Der Druck auf den Mietmarkt treibt die Preise nach oben. Foto: dpa

Der Wohnungsmangel in Stuttgart treibt die Preise hoch. Seit April 2012 verteuerten sich die frei finanzierten Mietwohnungen im Schnitt um 7,7 Prozent. Bei den Baujahren vor 1975 war der Anstieg noch stärker – und da geht es um rund 70 Prozent des Bestands.

Stuttgart - Je nach Alter der Wohnungen sind die Kaltmieten in Stuttgart zwischen April 2012 und April 2014 um 2,6 bis 9,2 Prozent gestiegen. Der Schnitt von 7,7 Prozent liege deutlich über der Steigerung beim Mietpreisindex im Land von 2,6 Prozent, sagte Bürgermeister Martin Schairer (CDU) am Freitag. Da stellte er den Stuttgarter Mietspiegel 2015/2016 vor. Von dem geht die Botschaft aus, dass die Mietpreiszuwächse dem allgemeinen Preisanstieg weit vorauseilen. So eine deutliche „Entkoppelung“ gab es vor allem Mitte der 1990er Jahre. Damals ging es sogar um bis zu 13,4 Prozent.

Die Stadtverwaltung, aber auch die Vertreter des Haus- und Grundbesitzervereins sowie des Mietervereins sehen in dem Phänomen eine Folge des steigenden Wohnungsbedarfs. Der werde angeheizt durch die Zuwanderung in den boomenden Ballungsraum Stuttgart. Der Druck auf den Mietmarkt, meinte Thomas Schwarz vom Statistischen Amt der Stadt, geht vor allem von jüngeren Singles aus. Viele kommen zur Ausbildung nach Stuttgart, bei anderen handelt es sich um Berufsanfänger.
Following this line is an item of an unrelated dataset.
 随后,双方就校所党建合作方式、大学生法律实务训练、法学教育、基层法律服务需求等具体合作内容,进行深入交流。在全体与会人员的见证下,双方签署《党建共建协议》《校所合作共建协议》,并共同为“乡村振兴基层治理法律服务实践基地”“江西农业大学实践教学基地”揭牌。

Betroffen sind bei den Altbauten vor allem die Bezirke West, Süd und Mitte, weniger das Nordbahnhofviertel. Dort gibt es seltener Mieterwechsel und weniger Modernisierungen, dafür städtische Vorschriften zur Erhaltung des Bevölkerungsmixes. Dass ansonsten die Altbaumieten hochschnellten, dürfte mehrere Gründe haben: Die jungen Zuwanderer zog es besonders in die etwas älteren und preisgünstigeren Objekte. Zum anderen, meinte der städtische Wohnungsexperte Erhard Brändle, wirkten sich hier Modernisierungen auf die Mietpreise aus.
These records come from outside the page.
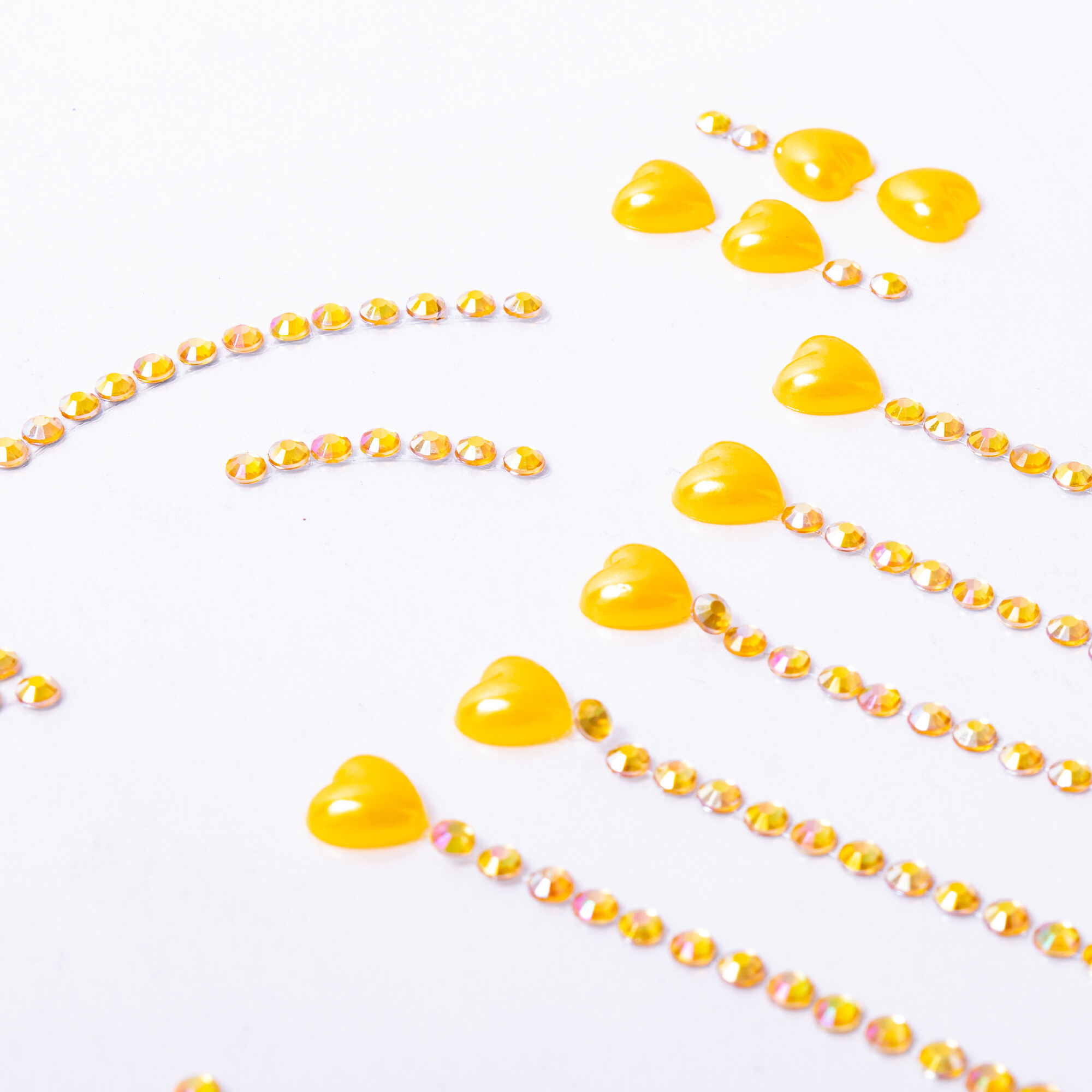 Using our pebbles is very simple. Simply peel them off the backing paper and stick them to the desired location. You can use them on your face, hair, nails, or any other part of your body. The stones stay firmly in place, yet they can be easily removed without damaging the skin or hair. Thanks to this, you can change your appearance according to your mood and the occasion.
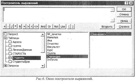 При создании выражений для вычисляемых полей можно использовать кнопку ™ Построить. Для этого нужно щелкнуть по пустому полю в бланке QBE, а затем по кнопке панели инструментов Построить. При этом откроется окно Построитель выражений (рис.6)
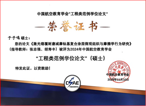 中国航空教育学会自2024年起设立“工程类范例学位论文”评选,鼓励硕士、博士研究生潜心科研,产出高水平学术成果,解决航空领域关键工程问题,助力青年拔尖创新人才培养。首届评选共遴选出9篇优秀硕士学位论文。
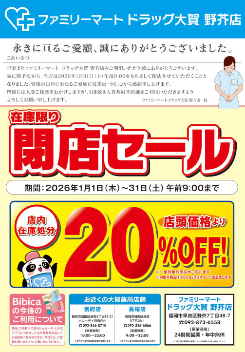 ▶2026年 1月 31日 午前 9時をもちまして閉店いたします - 定休日
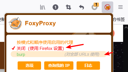 (不用的时候可以将 BurpSuite 设置的两个端口号都 取消复选框 ,火狐浏览器 FoxyProxy 选项 里的代理关闭 )
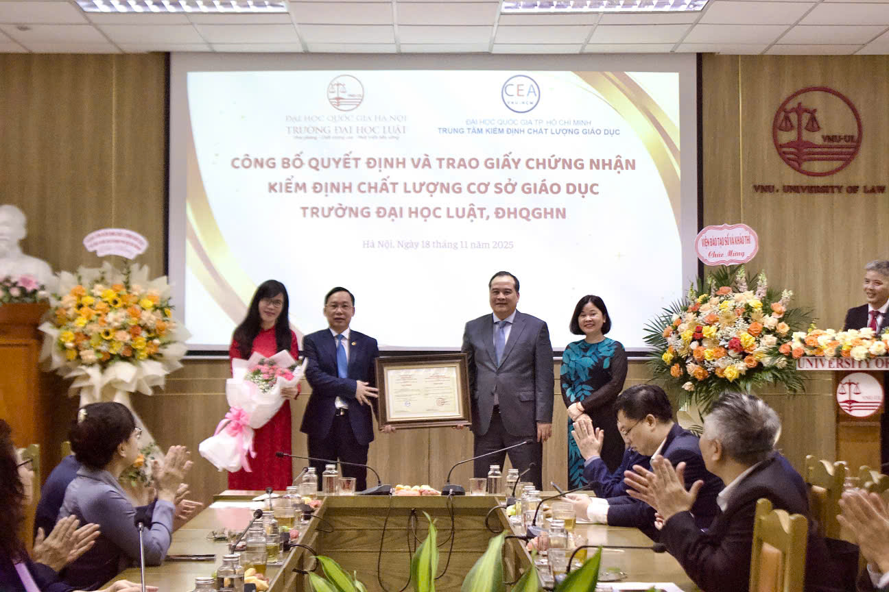 Lễ công bố Quyết định và trao Giấy chứng nhận kiểm định chất lượng cơ sở giáo dục Trường Đại học Luật, ĐHQGHN
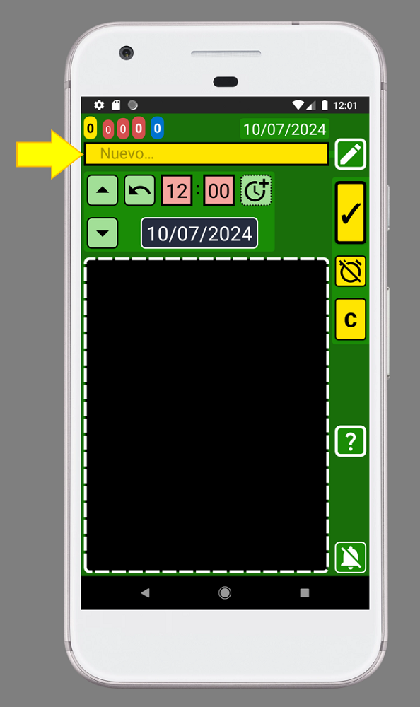 La fecha actual esta en la parte superior de la pantalla (fondo verde). La fecha de nuestro registro esta encima de la lista (fondo azul).
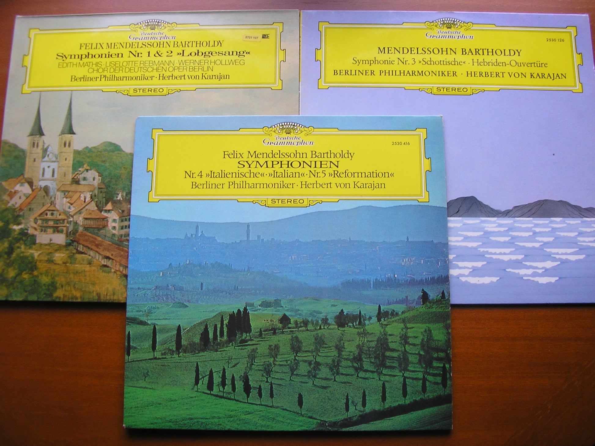 2721 107 / 2530 126 / 2530 416  MENDELSSOHN: THE FIVE SYMPHONIES / OVERTURE The Hebrides     HERBERT VON KARAJAN / BERLIN PHILHARMONIC ORCHESTRA

Der Mieterverein ist sehr besorgt. Wer im Altbau zuvor eine Kaltmiete von 600 Euro im Monat bezahlt habe, müsse nun gut 55 Euro mehr aufbringen, sagte die Geschäftsführerin Angelika Brautmeier. Kleinverdiener und Rentner könnten das nicht verkraften, Durchschnittsverdiener kämen in immer größere Schwierigkeiten. Dem Hausbesitzerverein warf Brautmeier vor, er habe Eigentümer in Erwartung des Mietspiegels zu überzogenen Erhöhungen ermuntert. Bund und Land müssten unverzüglich die Mietpreisbremse herbeiführen, forderte sie. Die städtische Wohnbautochter SWSG solle vom Vollzug des Mietspiegels absehen.

Klaus Lang, Chef des Hausbesitzervereins, konterte: Man habe die Mitglieder streng nach Recht und Gesetz beraten. Lang plädierte für die Verstärkung des sozialen Wohnungsbaus und regte eine Prämie für die Umwandlung von Büros in Wohnräume an. Stuttgarts Wohnungsproblem müsse auch mit Hilfe der Region gelöst werden. Die Stadt solle die Grundsteuer senken und die Müllgebühren kräftiger reduzieren als geplant, anstatt Millionengelder zu bunkern.

Der Mietspiegel ist anwendbar auf rund 170 000 frei finanzierte Bestandswohnungen und Richtschnur bei rund 13 000 öffentlich geförderten Wohnungen. Für Luxuswohnungen und Erstvermietungen gilt er nicht. Erfasst werden für ihn Objekte des freien Wohnungsmarkts, die in den vier Jahren vor der Erhebung neu vermietet wurden oder deren Mieten angepasst wurden. Diesmal flossen nach einer Marktbefragung 1720 Fälle in die Berechnungen ein.